I copied these hard drive archived .wav files into a seperate new directory to be used exclusively for the multitrack's manipulation. I figured I wouldn't disrupt my original files this way.

The n-Track version is converting to 16bit (freeware version) and seems to be outputting well to simple desktop speakers running off the ASUS integrated SoundMax Audio. I'll have an Audiophile 24/96 and a proper pair of monitors in another month or so. Anyway.

The majority of the songs played very well, but I noticed that while playing two of the songs, the hard drive got noisy and exibited a lot of erratic activity during playback. It was like the drive had to do a slurry of seeks sporadically. So, I'm thinking that maybe when I copied them to the new directory they spanned a couple platters or just plain spanned poorly while they were written (I'm not too swift on hard drive activity, so I'm just thinking of reasons.)
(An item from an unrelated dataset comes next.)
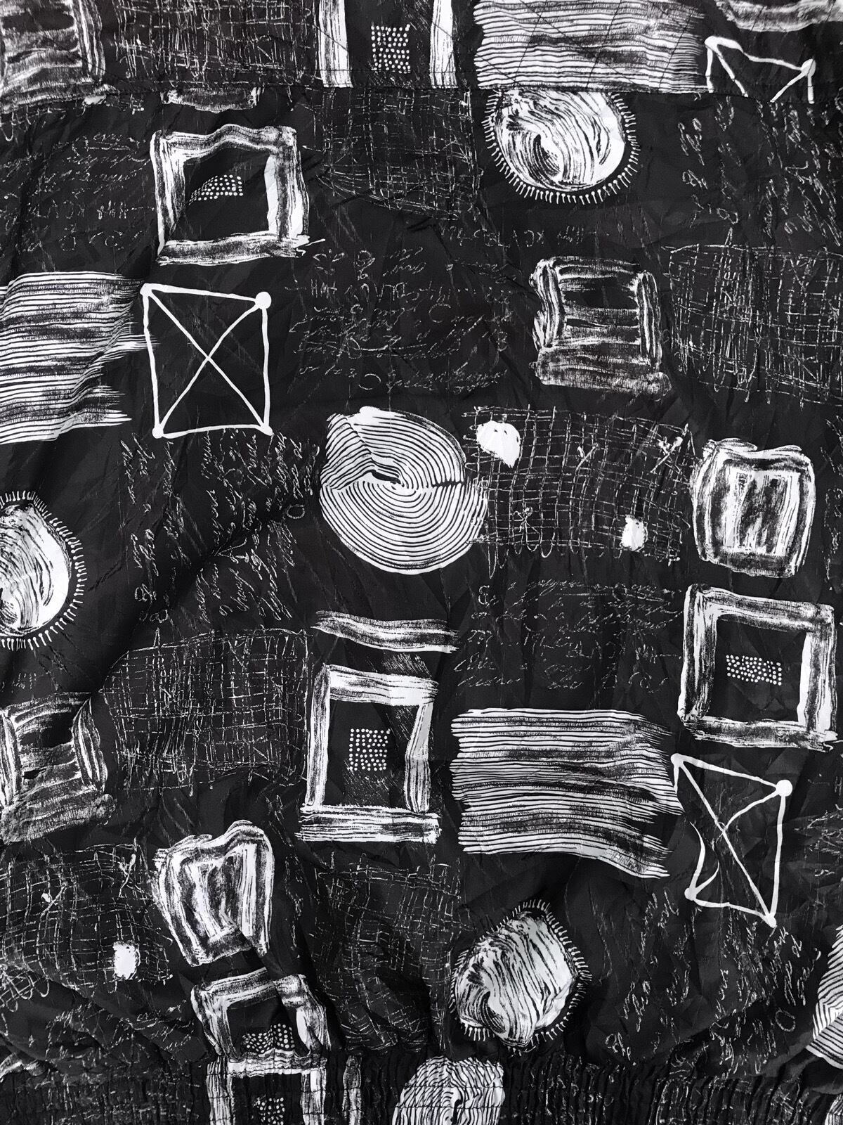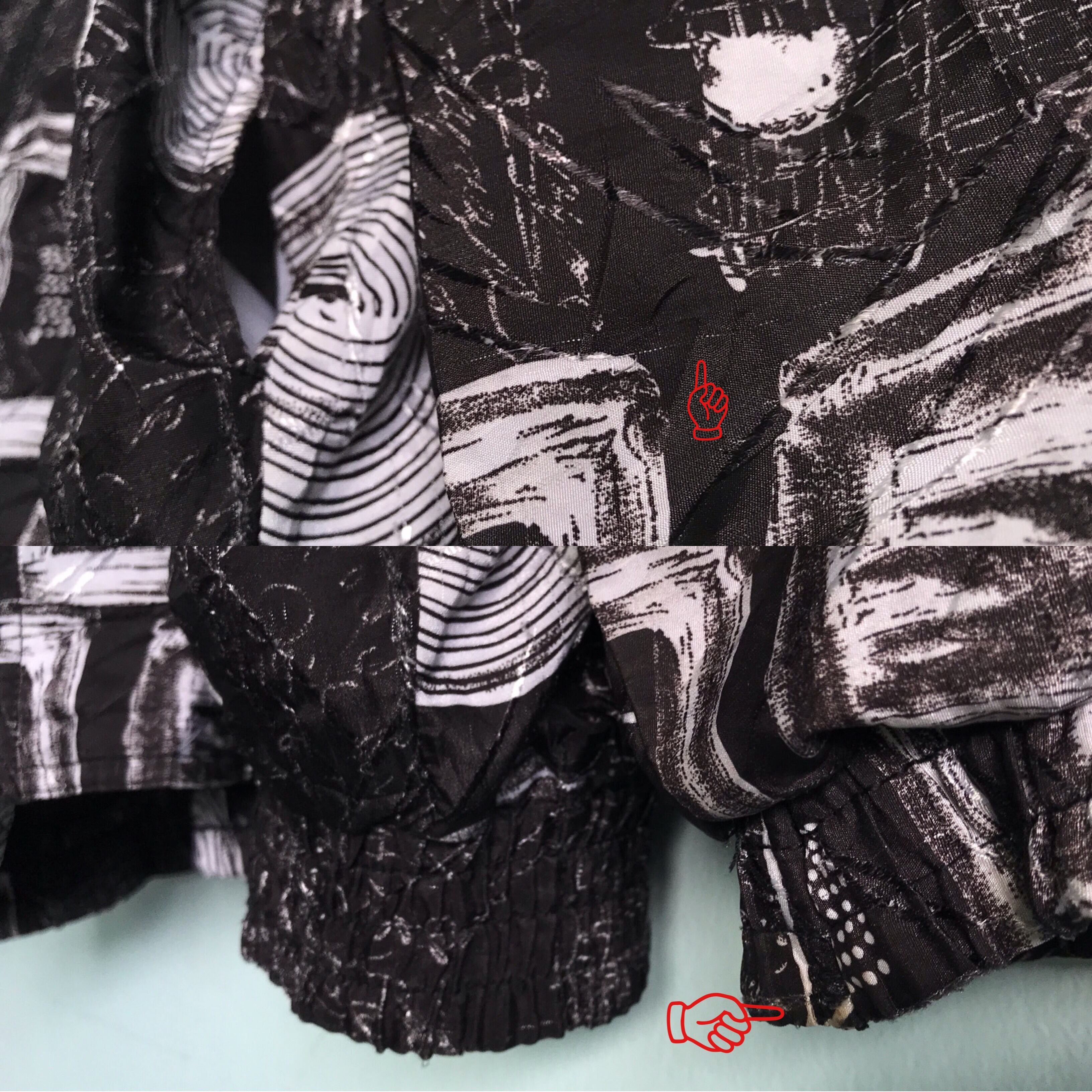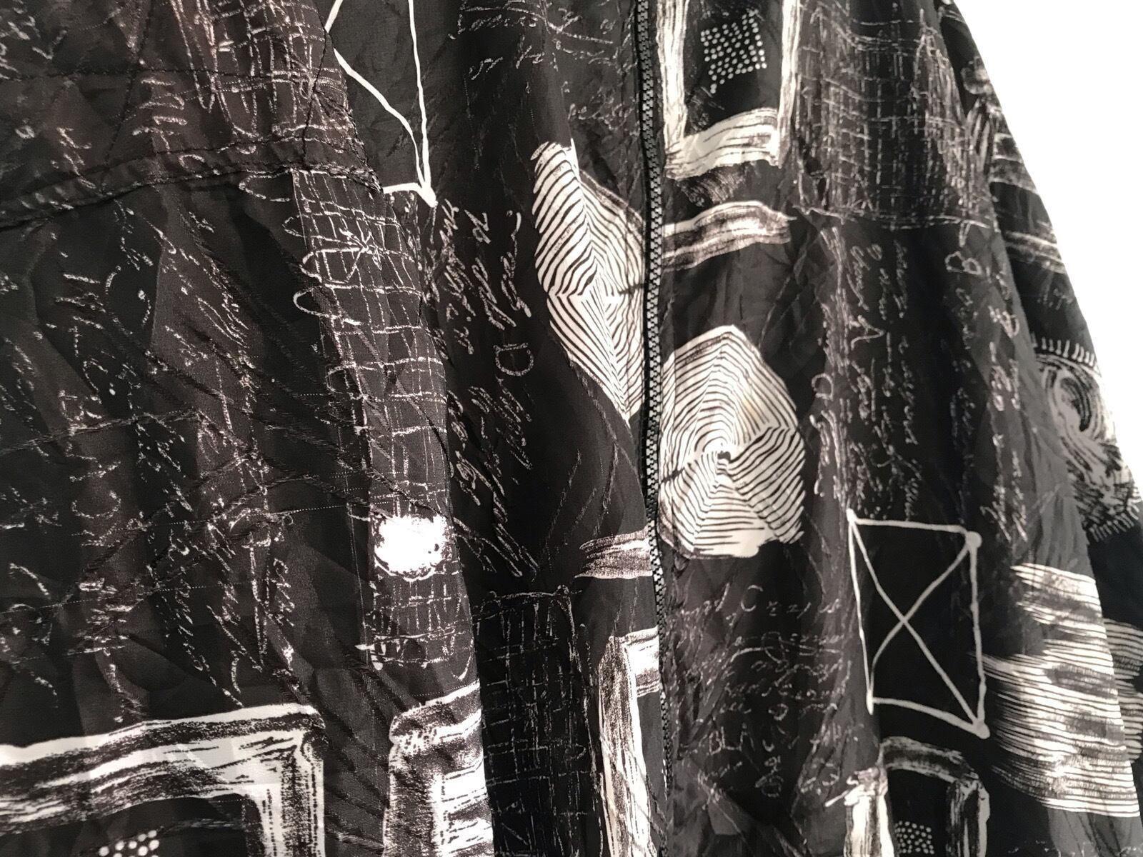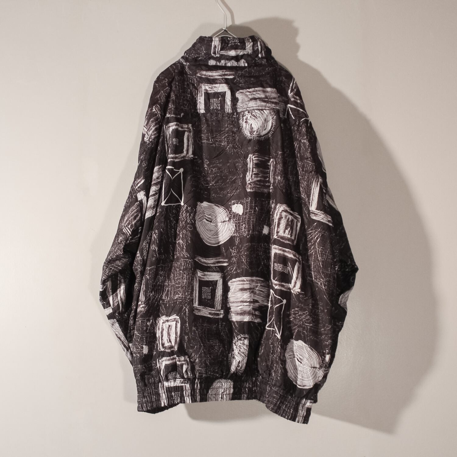 USAヴィンテージのオーバーサイズブルゾンジャケット。ナイロンジャケット形状で、ポリエステル製です。幾何学図形が散りばめられ、英語や数式や文字列のようなものの総柄。研究者が宇宙の物理法則の謎解きをしているようなイメージで、数学者やデータサイエンス、統計、微積分好きにおすすめです。年代相応、小傷スレ汚れがあります。
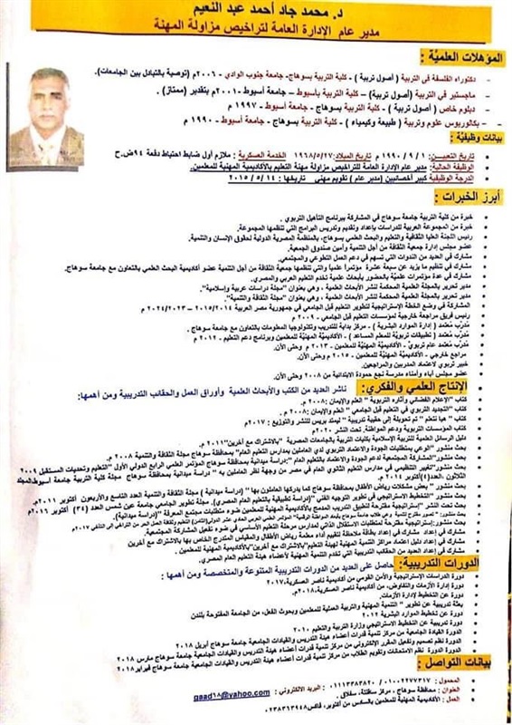 ننشر السيرة الذاتية لمدير الأكاديمية المهنية للمعلمين الجديد «مستند»

With this in mind, I decided to simply recopy the original archived .wavs. into the same location in the multitracker's directory (hoping it would write in a different location on the hard disc) and you know, it worked. The two songs now play cleanly with natural hard drive access rates and limited noise.

Can anyone shed light on what I'm fumbling with here? I'd surely like to know if I'm looking at a hard drive swap. I suppose a copy of Norton Ghost might go a long way for me right now.

Thanks for the insight.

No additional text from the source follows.